[sword-devel] Fast Search Framework [was: Another Important Issue]

Troy A. Griffitts sword-devel@crosswire.org
Tue, 29 Aug 2000 16:40:49 -0700


OK, I've heavily documented the code for the search framework.
Please get the latest rawtext.cpp from cvs and you should have
some help to understand it now.

		-Troy.





"Troy A. Griffitts" wrote:
> 
> Joe and others that asked,
> 
> The code for our first attempt at word indices and fast searches is in:
> sword/src/modules/texts/rawtext/rawtext.cpp
> 
> RawText::createSearchFramework  // creates the framework (done once)
> RawText::Search // uses the framework
> 
> Anyone want to reimplement these?
> 
> I know!  Let's have a contest! :)  Smallest indices with the fastest
> _accurate_ response time wins.
> 
>         :),
>                 -Troy.
> 
> Joe Walker wrote:
> >
> > Nathan wrote:
> > > In option 3, would the bitmap not be about 8.3K? (31102 verses / 8)
> > > Else it is a bytemap, not a bitmap :)
> >
> > To put the size in perspective. If you take every word in the KJV and
> > search for it and store the results in whatever is the smallest of
> > the 3 approaches mentioned, and store the lot in a big RandomAccessFile
> > then the total size is 4.5Mb
> >
> > This is in my opinion a little on the large size if you want to do
> > a d/l of a new version. However since the data is duplicated there is
> > nothing to stop a clever installation script creating it, or even
> > a very clever caching search that creates it on the fly.
> >
> > > You are right that it is very fast. I use the same method.
> > > For wildcards it is also really fast (just OR a few bitmaps).
> > > The way to work around the huge size of the "bitmap index" is to
> > > store it in another format (like a list or Ranged list) and
> > > convert when needed.
> >
> > I have a working scheme where by you can do a best match.
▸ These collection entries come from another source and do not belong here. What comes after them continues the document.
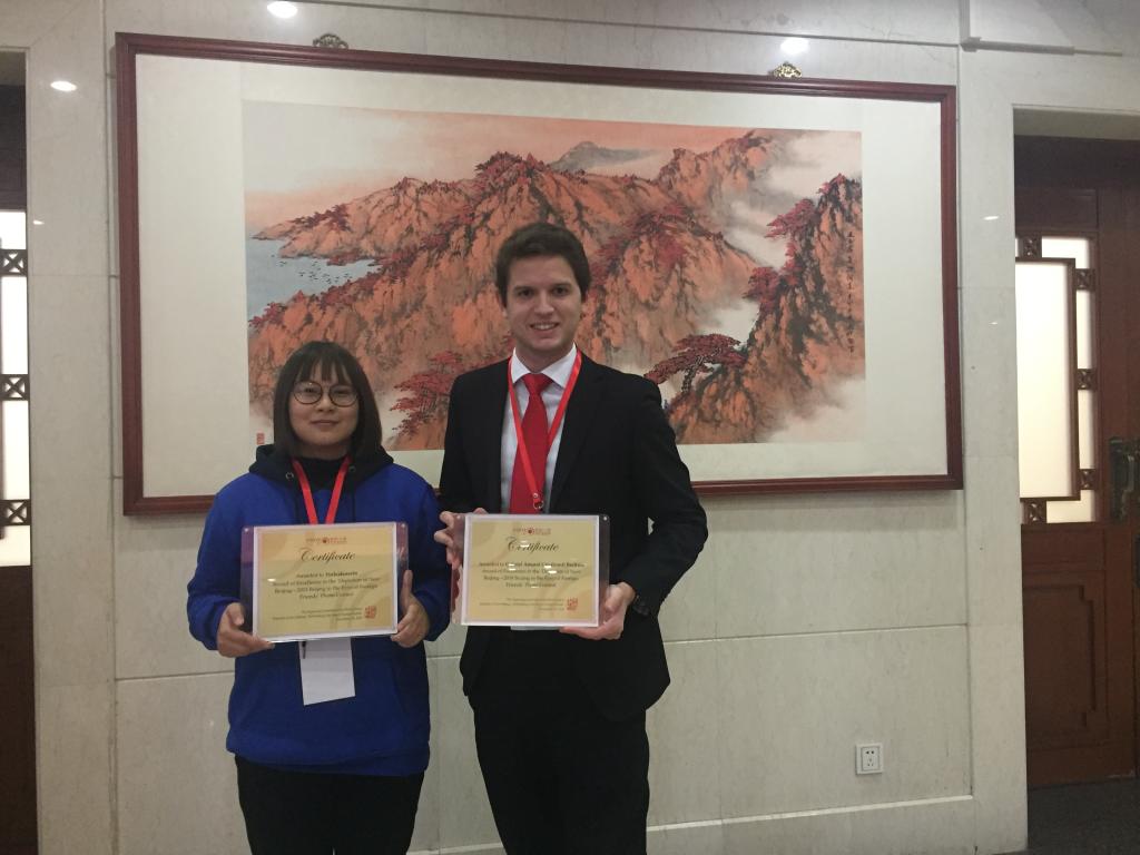 On 14th December, “Depicting the New Beijing” ——2018 Beijing in the Eyes of Foreign Friends Photo Contest Award Ceremony and the Exchange for Foreign Friends in Beijing was held in the Beijing People’s Association for Friendship with Foreign Countries. Among 3,000 photos taken by photographers from 60 countries, the photos of Brazilian and Myanmar students from our university, GABRIEL AMARAL CAVALCANTI BECHARA and YIN LEA LEA SEIN won the “Award of Excellence” and the “Award of Popularity”. Besides, 7 international students won the “Award of Top 300 Winners”, and our university won the “Award of Best Organization”.
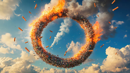 A surreal depiction of a burning circular structure made from waste materials, surrounded by vibrant clouds against a clear blue sky, symbolizing environmental issues.
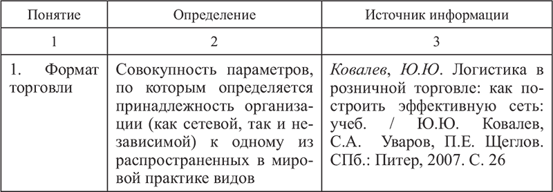 9. Определение понятия «формат торговли» (табл. 3.3).
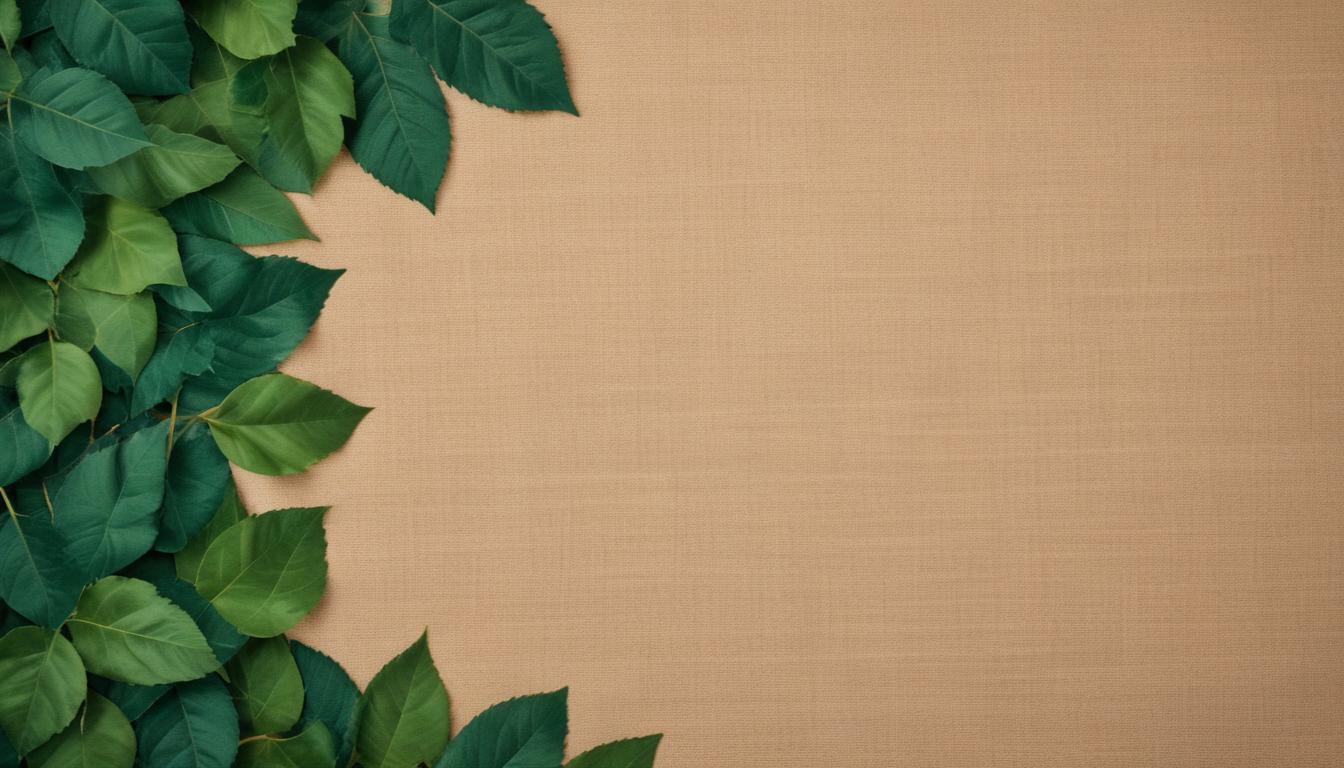 Green leaves border a tan background
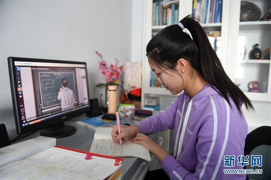 3月5日,呼和浩特市第十六中学高三学生孙靓瑶在家中观看线上教学视频。新华社记者 彭源 摄
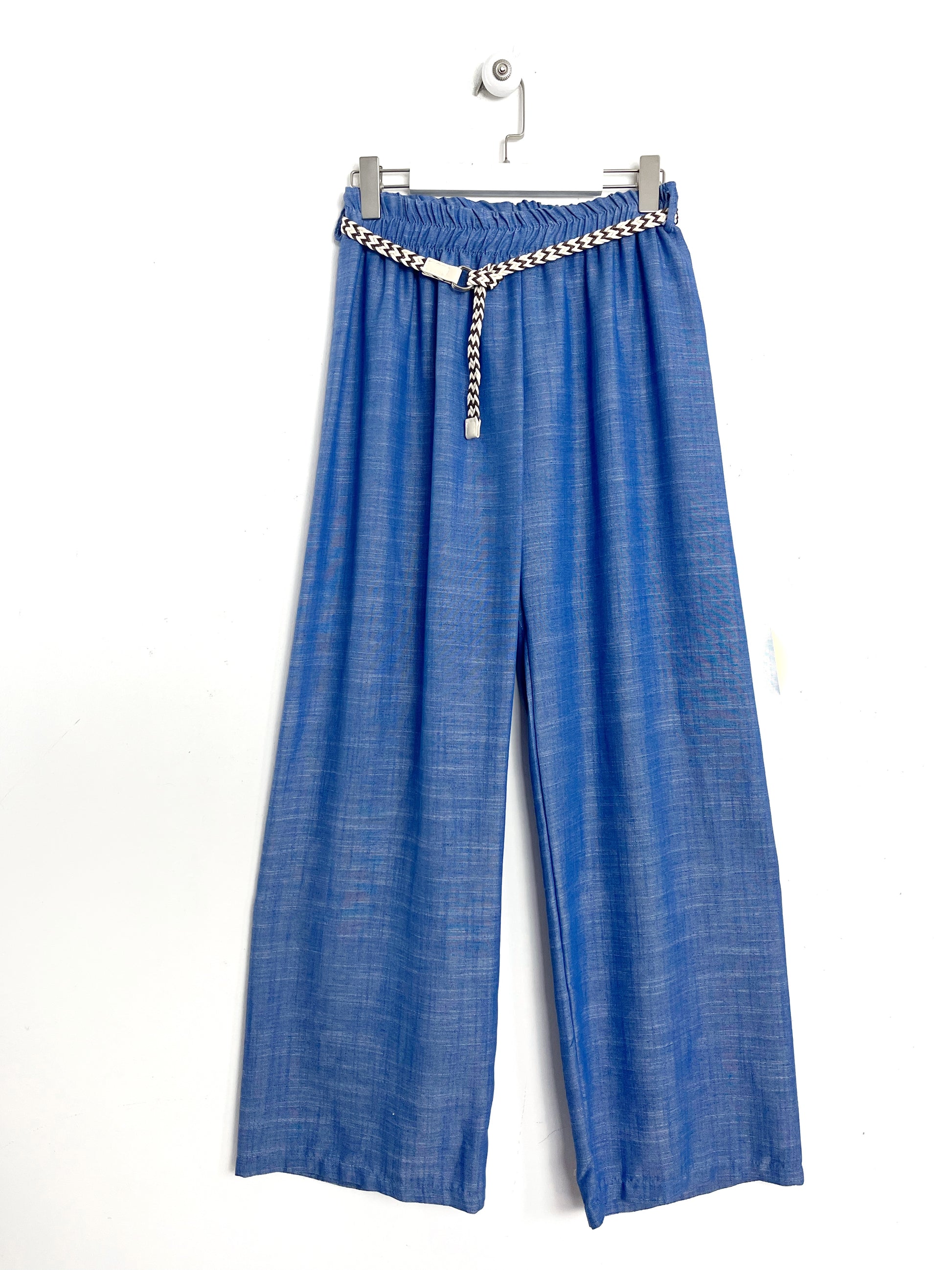 Il pantalone è vita alta con elastico. Passanti con cinturina
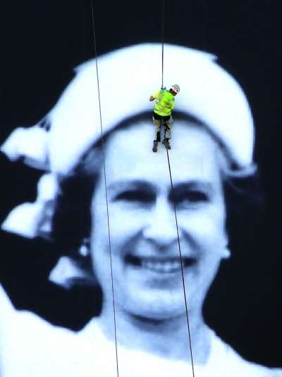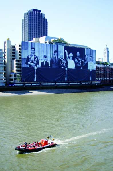 泰晤士河畔竖立起巨幅皇室成员照片,内容为皇室成员在1977年女王登基银禧庆典时,在白金汉宫阳台向民众致意的景象。照片长100米、宽70米。 |
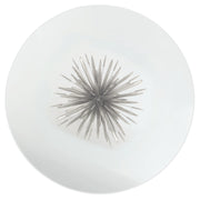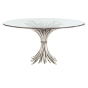 With its organic wheat motif design, the Somerset table brings an artistic and natural feel to a dining space. The cast aluminum base shimmers with plated leaves in a silver leaf finish, exhibiting meticulous craftsmanship. For a smooth finish, the clear glass top features an eased, polished edge.

So you type
> > in your phrase and it first looks up every word you typed in in a
> > thesaurus and then searches for every match, returning you the verse with
> > hopefully the most similar meaning.
> > I find it very useful, but for it to work you do need a blinding fast
> > search mechanism.
> >
> > > I like your idea about the RangedPassage as well. It really makes
> > > the list of verses for certain "common" words much smaller.
> > >
> > > Where is your program located Joe?
> >
> > There was a servlet version on the web, but I think it is broken right
> > now. I've been working on a project for my brother (blood and in Christ)
> > that needed to be done before his wedding, so I've not done much on it
> > in the past few months.
> >
> > If you want to look at code, then I can send you what ever you want
> > very quickly. If you want a working product then I'll need a few more
> > weeks.
> >
> > I've tarred up the code in question. And I'll place it at:
> >   http://www.eireneh.com/passage.tar.gz
> > It is all Java, and will only be of use for case A above.
> >
> > Joe.